Like Casa de la Ermita, Bodegas Castaño already has a deserved international reputation, its 500ha producing 9% of the wines from this 6,000ha region. The mainstay is, and will remain, quality-driven Monastrell, with this modern bodegas exporting 85% of its wines. “There is a time and place for Monastrell and that place is here as it performs extremely well in the region having adapted to the climate and soils over time,” said Daniel Castaño. “But we also have experimental plots of Verdelho, Albariño, Chenin Blanc, Pinotage, Carmenere, Tannat, Cabernet Franc, Pinot Noir and others as there is still a lot to learn about other varieties that may well thrive here in Yecla.”

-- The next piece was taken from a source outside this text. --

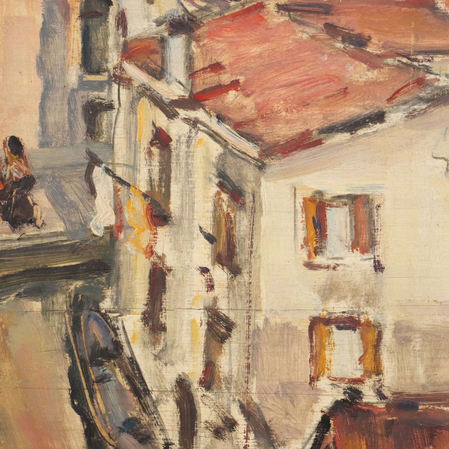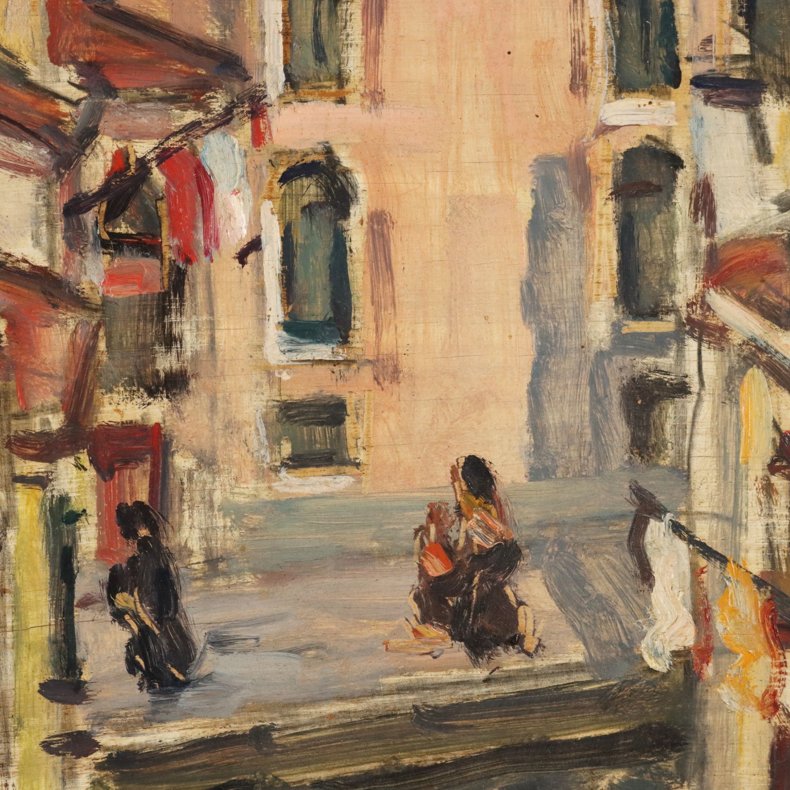 Olio su compensato. Firmato e datato in basso a destra. Al retro il titolo dell' opera. Rino Villa è noto come uno degli iniziatori (assieme a Seibezzi, Da Venezia, Ravenna, Bergamini, Mori, Dalla Zorza, ecc.) del rinnovamento in chiave impressionista della pittura veneziana. Si affermò prevalentemente come paesaggista, proponendo soprattutto diversi scorci di Venezia, dominati dal grigio dei suoi cieli lagunari. L'opera è presentata in cornice.

As with Jumilla and Utiel-Requena, once the established quality producers provide the impetus, others feel emboldened to take the plunge. Barahonda is a spanking new bodega, owned by three generations of the same family, with 240ha and access to a further 1,500ha of fruit, located just outside Yecla. Again, Monastrell rules the roost, with a new release of four identically vinified wines from four different terroirs clearly revealing the high-end ambitions of this winery. In addition, the undisclosed sum to build the facilities, which also includes a state-of-the-art public tasting area and excellent modern Spanish restaurant, represent major confidence in Yecla’s ongoing rise.

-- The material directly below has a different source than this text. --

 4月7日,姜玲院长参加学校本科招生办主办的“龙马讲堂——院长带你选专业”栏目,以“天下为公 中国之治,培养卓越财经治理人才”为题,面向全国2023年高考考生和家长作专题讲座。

It’s happening at grass roots level here, too, with the Yecla Cooperative, La Purísima, representing 700 members, 3,200ha of vines and producing 60% of the DO’s wines, now chasing the baton of quality and lucrative exports. “We have no UK agent yet but we are building both the wines and a programme to export,” confirmed winemaker Daniel Gimenez. Production is 92% red, 3% rose and 5% white, with Monastrell, Tempranillo and Syrah, plus Sauvignon Blanc, Macebeo and Airen the major varieties. On tasting evidence, the mean quality is high.

The Levant, and especially its leading DO’s of Utiel-Requena, Jumilla and Yecla, is certainly a place to watch as Spain’s quality wine map continues to develop and unfold. As Gandia’s Burgess puts it: “The future for Spain has to be at the mid-to-higher end, with regional identity hand-selling modern wines.”